### Dataset section
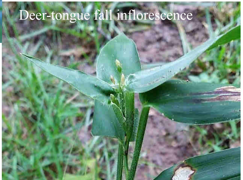
Deer-tongue fall inflorescence

Fast forward to one day last summer, working with Margaret Chatham and Alan Ford at the VNPS propagation beds at Green Spring Gardens. We were looking at deer-tongue grass with its early summer inflorescence. As a casual member of the Grass Bunch, I had learned that a grass’s inflorescence often resembles a seed head, but you may be mistaking florets or spikelets for the seed.
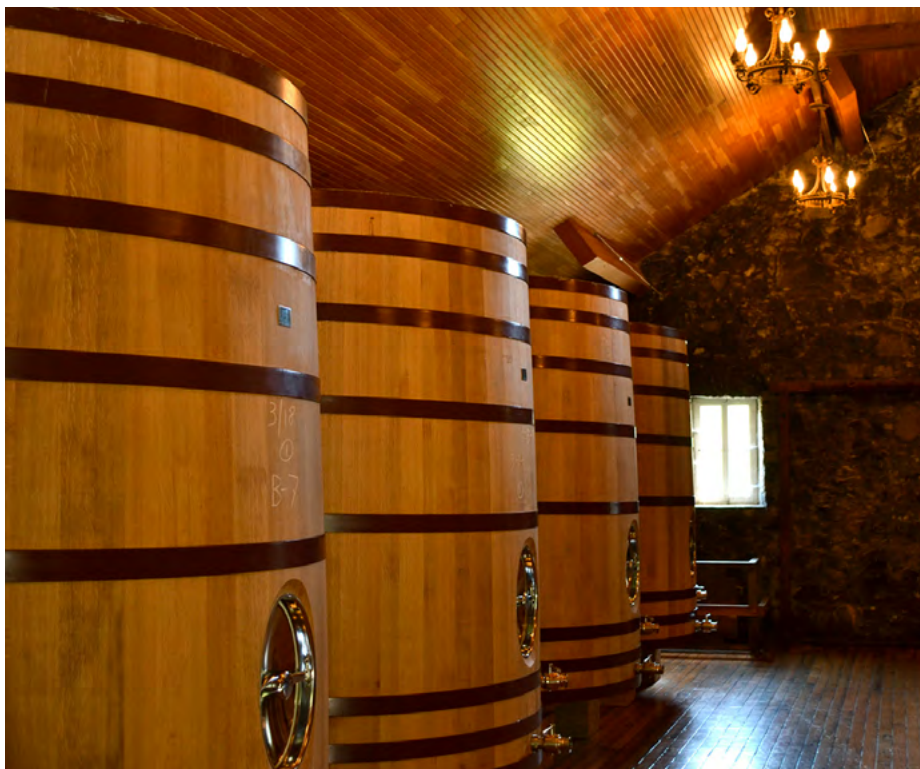
Oak upright tanks on the second floor of historic Heitz Wine Cellars.

### Required action
Where a picture appears, omit it; otherwise reproduce each line above from the first to the one with "Fast forward to", inclusive.

### Result for this task
Deer-tongue fall inflorescence

Fast forward to one day last summer, working with Margaret Chatham and Alan Ford at the VNPS propagation beds at Green Spring Gardens. We were looking at deer-tongue grass with its early summer inflorescence. As a casual member of the Grass Bunch, I had learned that a grass’s inflorescence often resembles a seed head, but you may be mistaking florets or spikelets for the seed.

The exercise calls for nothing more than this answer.